In the processing flow of FIG. 2, the variance calculation unit 103 calculates variances of the duration V _d , the trajectory variation V _t , and the posture variation V _p of the processing phase n (step S206). First, the dispersion calculation unit 103, a variance _V d (n) duration, trial m = 1 the processing phase n, ..., the duration _{d 1} is the time length of ^{d n} in M each of the three-dimensional orientation data , ..., d Calculate by the variance of _M.

Next, the variance calculation unit 103 calculates the locus variation V _t (n) from the resampling posture data obtained in step S205. Here, as the trajectory, for example, a three-dimensional coordinate value of a predetermined part arbitrarily determined such as a wrist position can be used.
The variance calculation unit 103 reads a three-dimensional coordinate value of a predetermined part from the resampling posture data of each of the trials m = 1,..., M in the processing phase n, and the trajectory t ₁ (i),. Obtain _M (i). i (1 = 1,..., I) is a sample number of resampling in the same trial, and t _m (i) is a predetermined sampling data obtained from the resampling attitude data of the sample number i of trial m.

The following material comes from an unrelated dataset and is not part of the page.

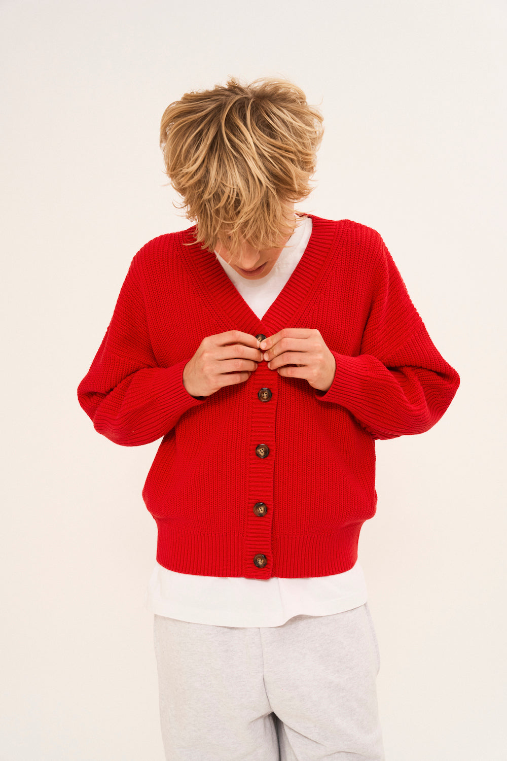 Vil du have et mere oversized look – eller forlænge tøjets levetid i garderoben endnu længere – anbefaler vi, at du vælger en størrelse op, men hver style er skabt til at kunne vokse i. De fleste styles kan nemt foldes op, mens udtrykket bevares.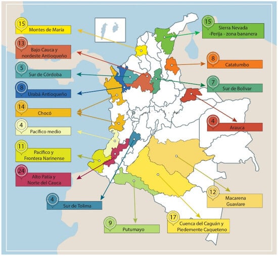 Decree 893 of 2017 considered the following criteria for the prioritization of regions: a. high levels of poverty (i.e., extreme poverty and unmet needs); b. degree of affectation derived from the conflict; c. weak administrative institutions and management capacity; and d. the presence of crops for illicit use and other illegitimate economies []. The multidimensional poverty index is ranked as 72.8%, in contrast with 49.0% for the national level []. It is mentioned that in prioritized or post-conflict regions, strategies to reduce poverty must include the social and productive inclusion of the population.

It is a three-dimensional coordinate value of a part. The variance calculation unit 103 calculates the variance of the trajectories t ₁ (i),..., T _M (i) for each of the sample numbers i = 1,. The variation is V _t (n).

It should be noted that K trajectories can be calculated by selecting K arbitrary locations in each phase. When the locus is obtained by selecting K locations, the variance calculation unit 103 calculates the variation V _t (n) of the locus for each of the K locations. The trajectory variation V _t (n) calculated for the k (k = 1,..., K) th place is defined as V _t (n, k).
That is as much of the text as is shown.